Изменения для вида или области никогда не заканчиваются. Сложность – сочетание чрезвычайного своеобразия видов и постоянных колебаний миллиарда переменных в окружающей среде – может быть, в этом и заключается весь смысл. Очень немногое кажется полностью предсказуемым. Даже распознавание родственных связей – понятие размытое. Да, растения действительно часто помогают своим сородичам. Но иногда они этого не делают. Кэхилл руководил экспериментами студентов, в которых эффект родства, казалось бы, отсутствовал, или растения проявляли больший антагонизм со своими родственниками, чем с неродственными растениями. Как только появляется правило, оказывается, что его не так-то просто закрепить как непреложный факт. Природные системы действительно сложны, а наши теории – нет. В этом и заключается проблема. Ответом может быть сама сложность.

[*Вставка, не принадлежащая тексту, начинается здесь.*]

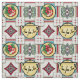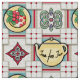Diese maßgeschneiderte, maßgeschneiderte Textilie erinnert an die Küche meiner Oma aus den 40er Jahren. Sie ist mit einer Collage aus hellgelben Teeköpfen, Tellern voller Rothirschen und vielem mehr in einem cremefarbenen & bräunlichen Gitter ausgestattet. Erhältlich in Baumwolle, Polyester, Leinen, etc. für die Herstellung von Steppdecken, Vorhängen, Bekleidung, Polsterung, etc.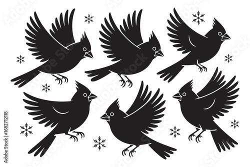 Silhouette illustration showing a large group of birds in various flying positions against a white background
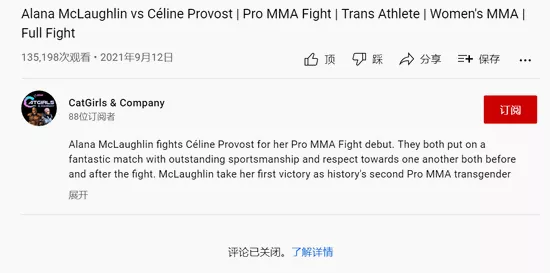 在Youtube這場比賽視頻的下方,評論區已經被關閉了。很多人看過比賽都無語凝噎:就算麥克克勞林説的再大義凜然,但體育不説謊啊,這就是一場赤裸裸利用身體優勢取勝的比賽。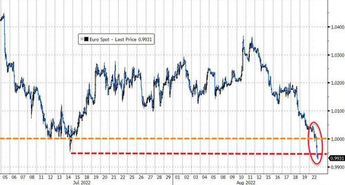 美元的再度崛起,令歐元兌美元匯率隔夜一度跌至了0.9925美元,今夏第二次跌至1美元以下。 今年7月,歐元兌美元匯率20年來首次達到平價。 因為對俄羅斯可能削減能源供應的擔憂,歐洲天然氣和電力價格週一飆升,加劇了人們對歐洲大陸可能陷入衰退的擔憂。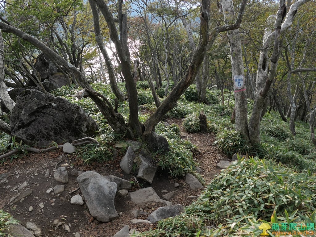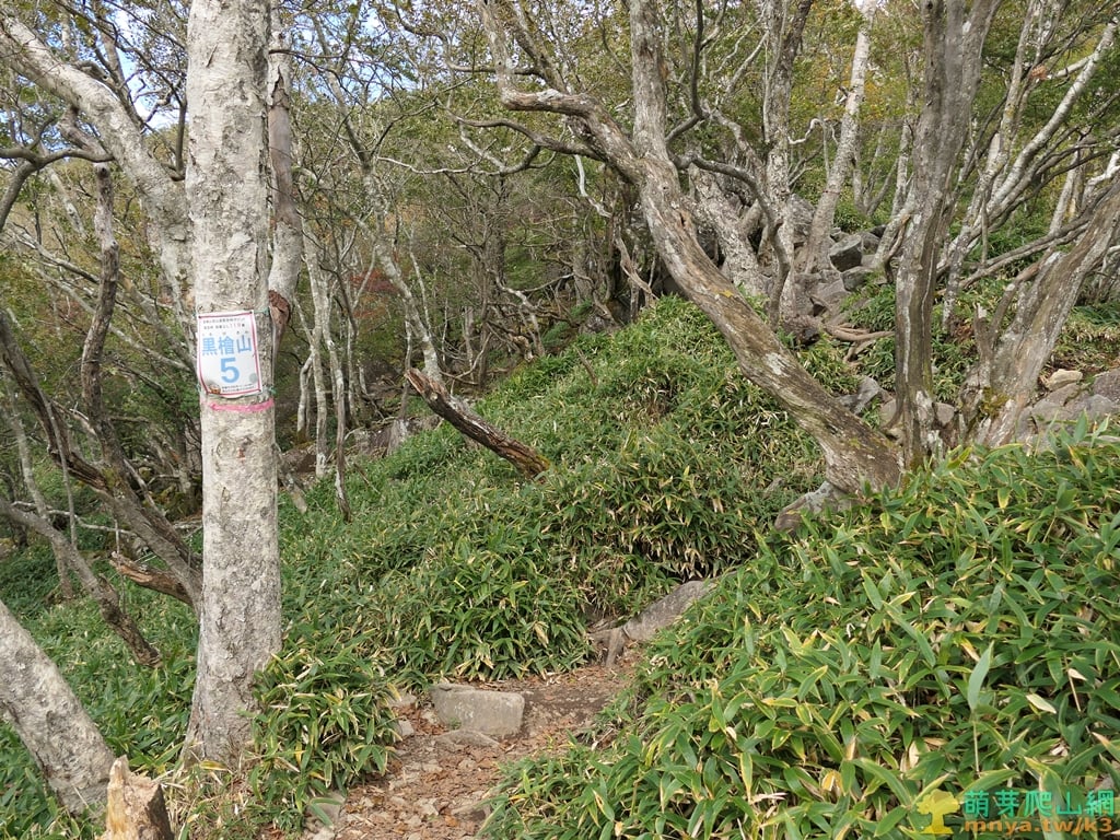 ▲15:01,上行經黒檜山5號防迷標誌,下一個編號就是稜線岔路了。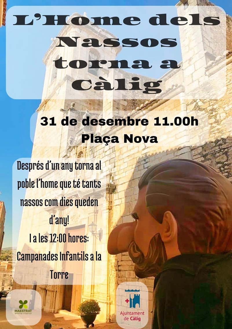 Demà diumenge 31 a les 11:00 del matí, a la plaça Nova, us trobareu a l’Home dels Nassos. Seguidament, a les 12:00 hores a la Torre, se celebraran les campanades infantils.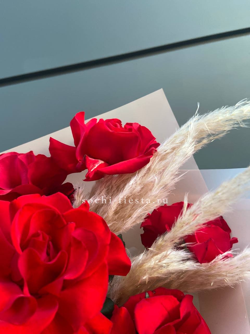 Вывернутые лепестки французских роз раскрываются широко и создают объёмную текстуру. Пампасная трава добавляет воздушности и смягчает линии. Пятнадцать бутонов в авторской упаковке выглядят свежо и современно.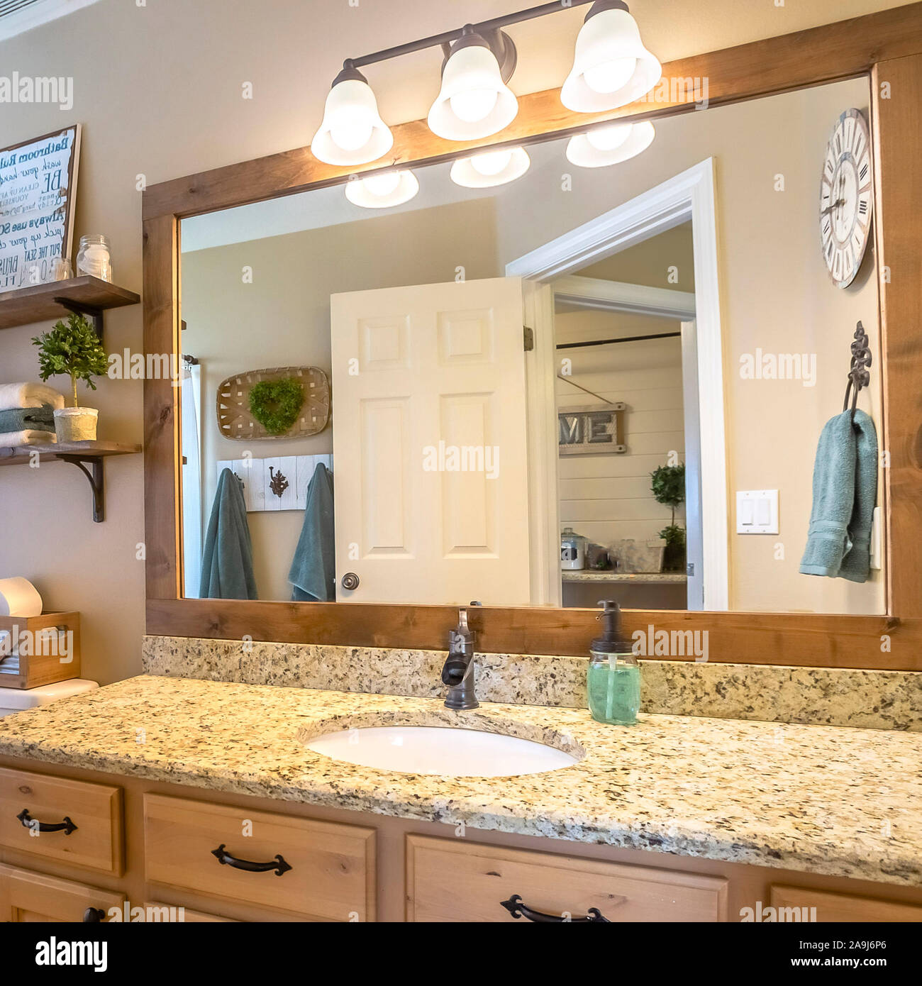 Frame Square Interior Of A Cozy And Well Lighted Bathroom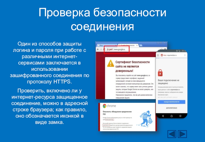 Проверить, включено ли у интернет-ресурса защищенное соединение, можно в адресной строке браузера; как правило, оно обозначается иконкой в виде замка.
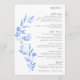 Elementos: uma videira elegante no estilo da pintura de porcelana vintage. Os nomes aparecem em um script moderno; outros detalhes em fontes clássicas de serifa Cores: azul, azul de porcelana, azul delft, azul francês, cinza. Temas: elegante, moderno, minimalista, jardim, sutil, leve, areia, eterno, safra. Coleção: Mínimo Elegante Porcelain Floral Chinoiserie Coleção de Casamentos Tipo: Menu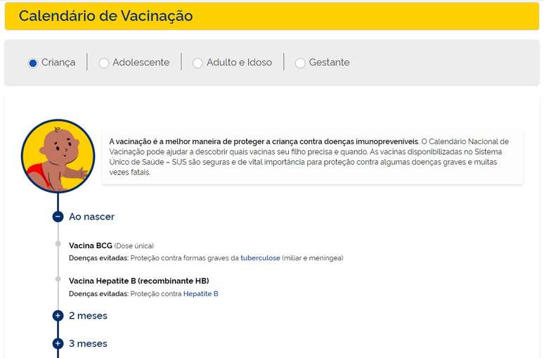 A página do Calendário Nacional de Vacinação é dividida pelas opções Criança, Adolescente, Adulto e Idoso ou Gestante. Ao clicar em uma categoria, é possível selecionar também a idade para ter acesso às vacinas sugeridas e disponíveis no Programa Nacional de Imunizações (PNI).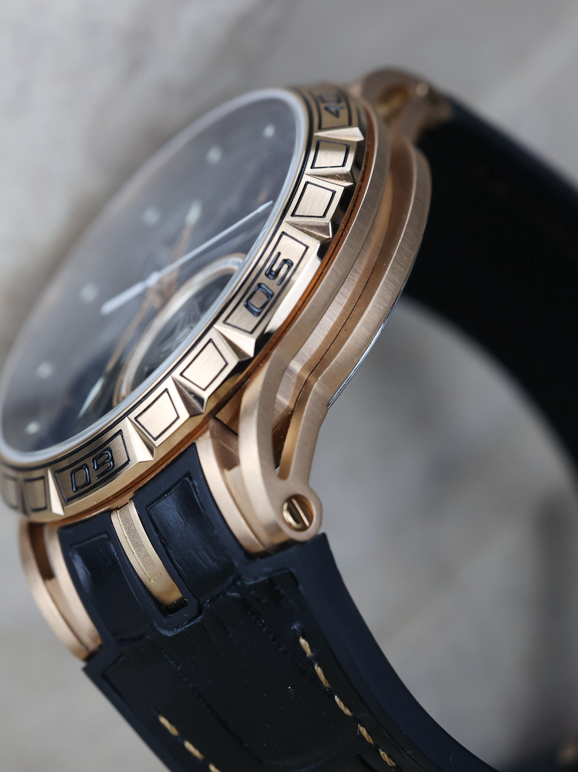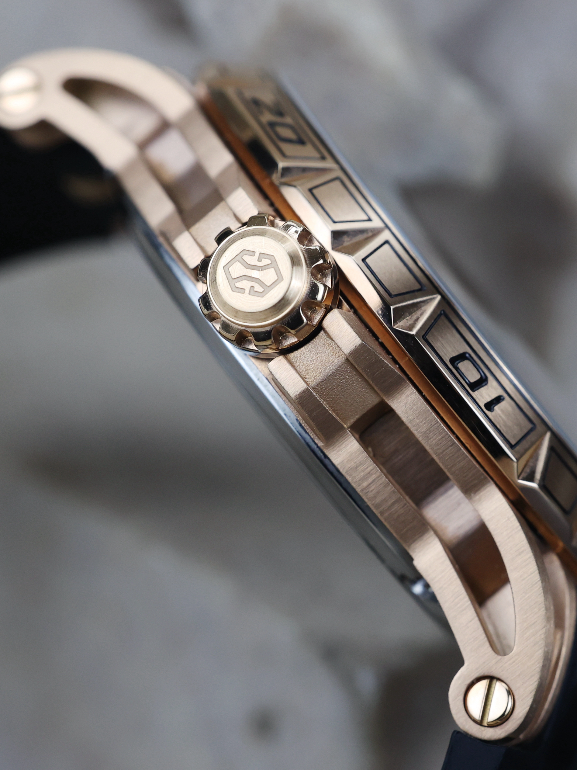 喜欢这块手表的起因,还真是因为这个表冠的质感,后来才发现它的镂空效果也挺漂亮,有种机械框架的感觉,让我一眼望去就有种荷尔蒙爆发的冲动,真是爱了~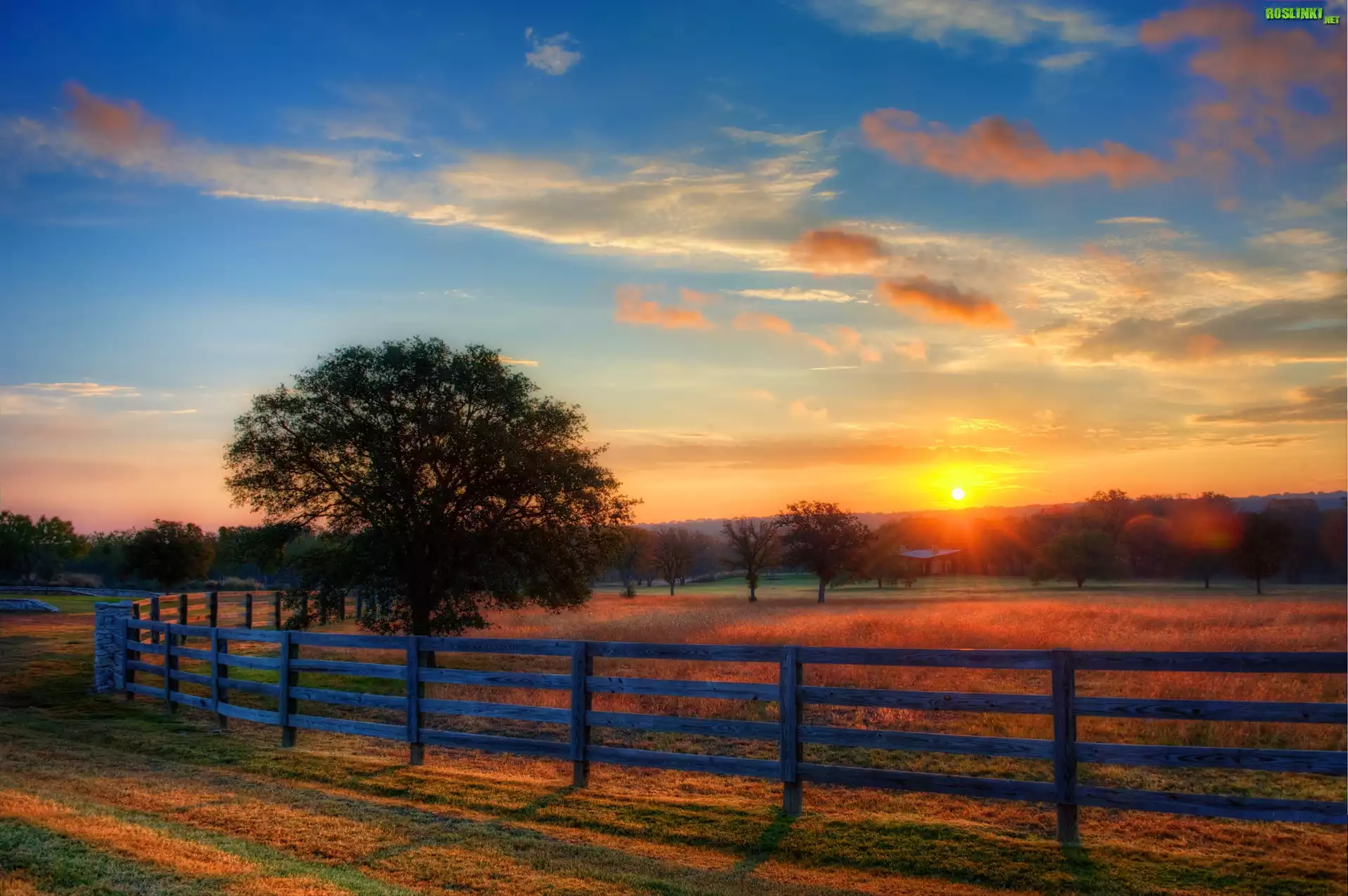 Rośliny: Ogrodzone, Pole, Drzewa, Wschód, Słońca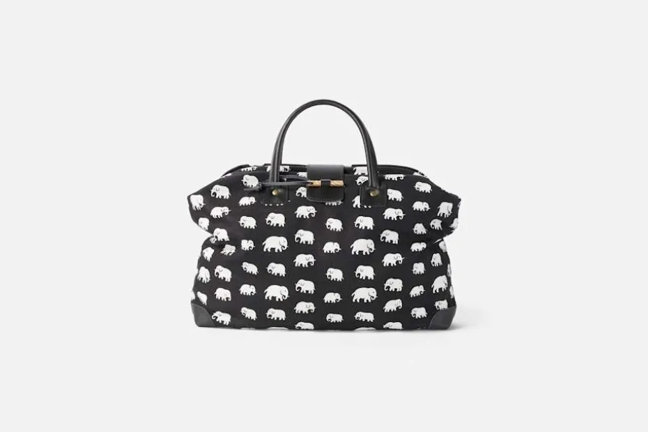 Svenskt Tenns klassiska handväska är dekorerad med en dragkedja och knäppning i mässing samt läderdetaljer. Invändigt finns en avtagbar nyckelring samt en ficka. Estrid Ericson har gjort mönsterdesignen och Svenskt Tenn har tagit fram formen. Svenskt Tenns grundare Estrid Ericson reste mycket till olika platser runt om i världen. Hon letade alltid efter vackra föremål, textilier och souvenirer att ta hem och sälja i butiken på Strandvägen. Det var efter en förlaga från Belgiska Kongo som hon formgav mönstret med de små elefanterna. Svenskt Tenn tryckte textil Elefant för första gången i slutet av 1930-talet.
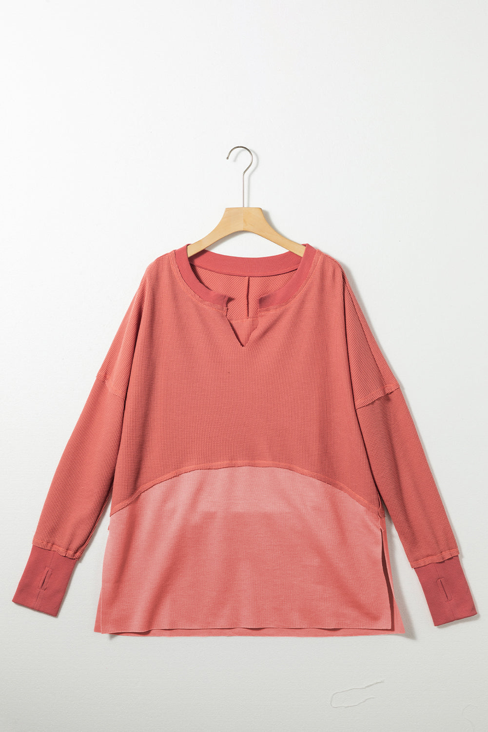 Mineral Red Waffle Knit Patchwork Exposed Seam Long Sleeve Top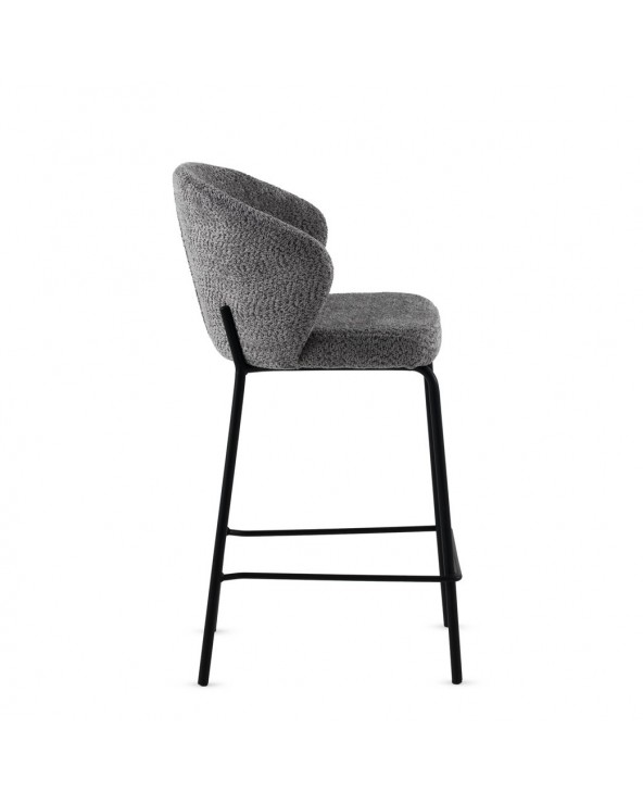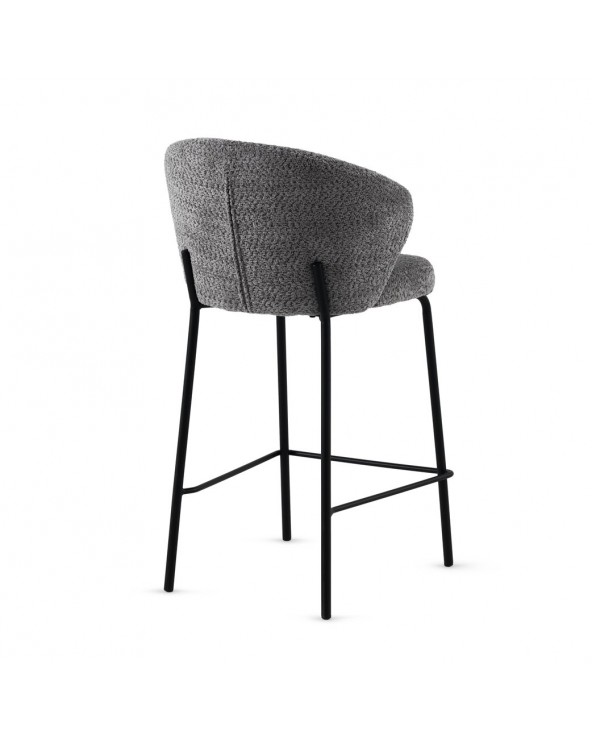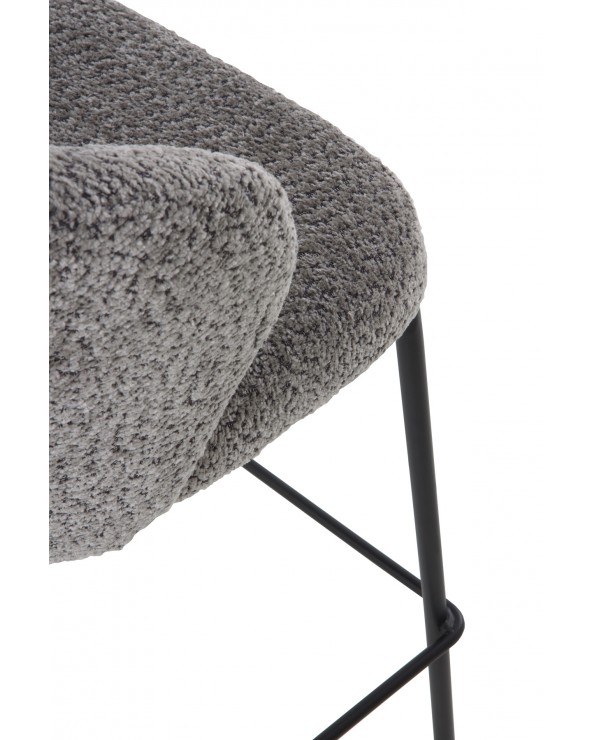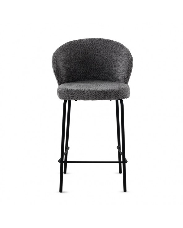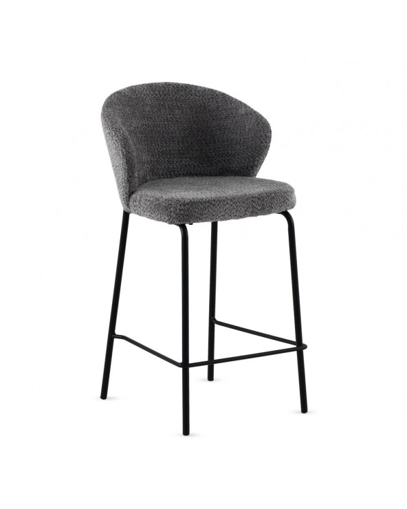 Lot de 2 tabourets rembourrés en chenille gris foncé au toucher doux 100 % polyester, avec structure et pieds en tube métallique rond de couleur taupe et hauteur d'assise de 65 cm ; ils sont dotés d'un dossier de 28 cm et d'un repose-pieds de 20 cm, offrant un ensemble moderne et élégant. Ils nécessitent un assemblage simple et sont parfaits pour compléter les intérieurs contemporains avec une touche lumineuse grâce à leur revêtement doux et leurs pieds métallisés.

Я признаюсь Кэхиллу, что этот объем информации выше моего понимания. Само изменение как движущая сила изменения всей экосистемы? Это запутанная концепция, рекурсивная, удваивающая сама себя. Ее трудно представить в конкретных терминах. «Мысленно это осознать трудно, – говорит он. – Но в то же время я думаю, что мы сами себе вредим в экологии, не только растений, но и экологии сообществ в целом, полагаясь на суперупрощенные модели, которые были великолепны вначале, в пятидесятые и шестидесятые годы, когда их выдвигали, чтобы помочь сформулировать представление о новой дисциплине. Но люди до сих пор используют их и думают, что они, скорее всего, отражают то, что происходит в реальности». Растения не всегда находятся в состоянии войны, и они не всегда одинаково реагируют на трудности.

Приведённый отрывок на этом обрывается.